Drag force in the vacuum of confining gauge theories

The complete absence of isolated quarks reaching particle detectors after high energy collisions suggests that some physical mechanism generates resistance to their propagation in the vacuum. In order to reveal such a mechanism, we analyze the fate of an infinitely heavy quark that is initially propagating in the vacuum with inertial motion. The non-perturbative structure of the vacuum is treated here using the gauge/gravity correspondence, the isolated quark on the boundary gauge theory is dual to a trailing string moving in the bulk of a higher dimensional curved space. We find that, for a large class of non-conformal gauge theories with a holographic dual, the geometrical structure of the bulk geometry induces a drag force on the quark that moves in the vacuum. In addition, we show that for these gauge theories there will be the presence of such a drag force due to its vacuum whenever the dual bulk geometry generates a linear potential for a q q over bar pair. The relation of the linear q q over bar potential with the drag force on the isolated quark is a holographic piece of evidence that both phenomena are different manifestations of the confinement of quarks. (c) 2022 The Author(s).

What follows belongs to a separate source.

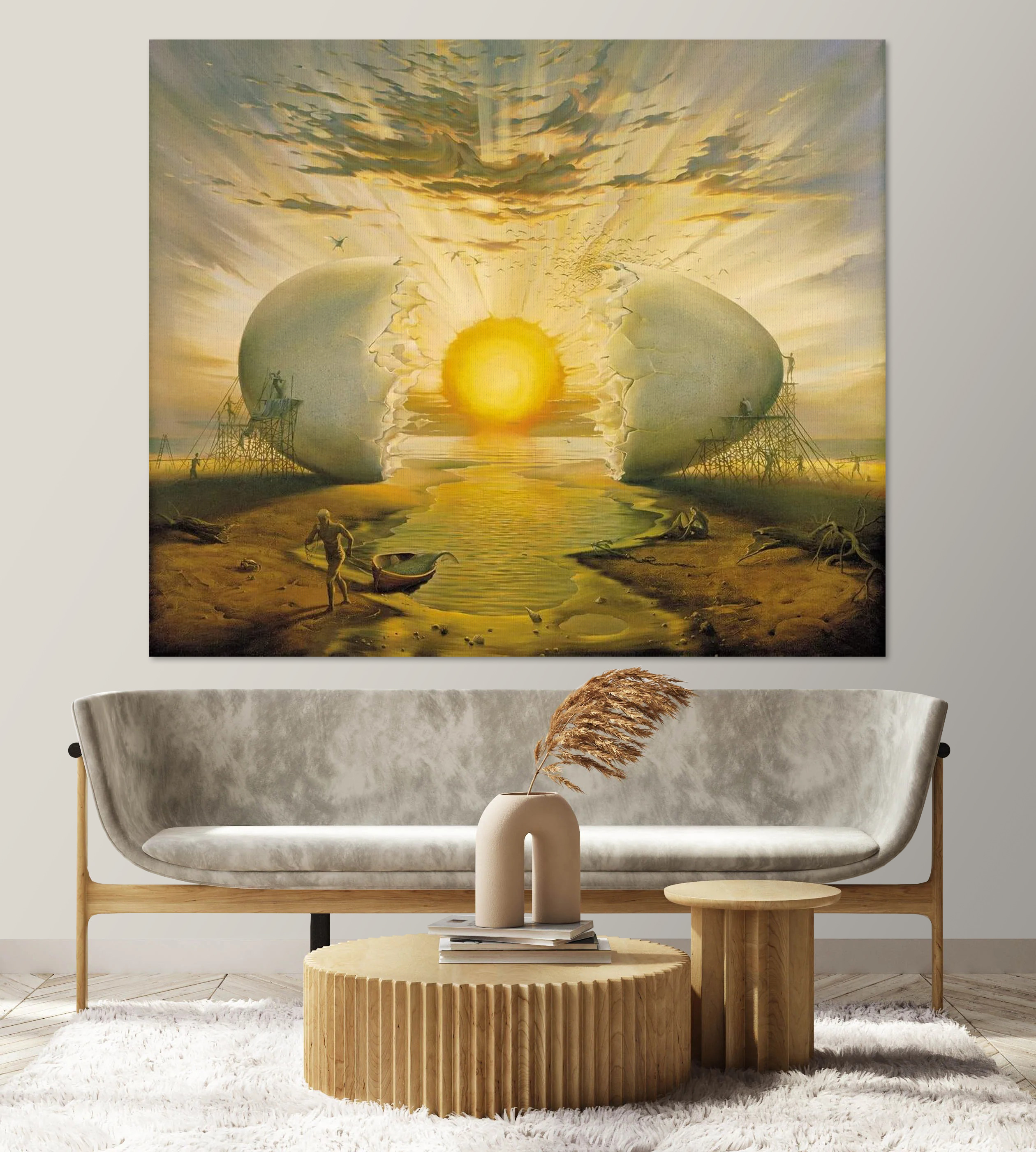 Duik in de grillige wereld van “Canvas Schilderijen Man die een groot ei schildert”. Dit is niet zomaar een kunstwerk; het is een ervaring. Stel je een zonsondergang voor die tevoorschijn komt uit een eierschaal, alsof het universum openbreekt om wat vreugde binnen te laten. Het stof van het strand, de zachte geluiden van kabbelend water en dit ongelooflijke tafereel kunnen elke muur veranderen in een portaal van inspiratie. Het is een balans tussen speels en diepzinnig, waardoor iedereen die er een glimp van opvangt even stilstaat en misschien zelfs moet grinniken. Perfect voor dat ene hoekje dat persoonlijkheid nodig heeft, het is als een conversatiestarter waarvan je nooit wist dat je die nodig had. Neem een stuk mee naar huis dat tot de verbeelding spreekt en verwondering opwekt, en voeg een laag creativiteit toe aan je interieur.

Published by Elsevier B.V. This is an open access article under the CC BY license (http://creativecommons.org/licenses/by/4.0/). Funded by SCOAP3.

Automated summary

The absence of isolated quarks reaching particle detectors after high energy collisions suggests a physical mechanism that resists their propagation in the vacuum. In this study, the fate of an infinitely heavy quark initially propagating in the vacuum with inertial motion is analyzed. The non-perturbative structure of the vacuum is treated using the gauge/gravity correspondence, and it is found that the bulk geometry induces a drag force on the quark in the vacuum for certain non-conformal gauge theories with a holographic dual. Additionally, the presence of a linear potential for a qq over bar pair in the dual bulk geometry is shown to be related to the drag force on the isolated quark, providing evidence for the confinement of quarks.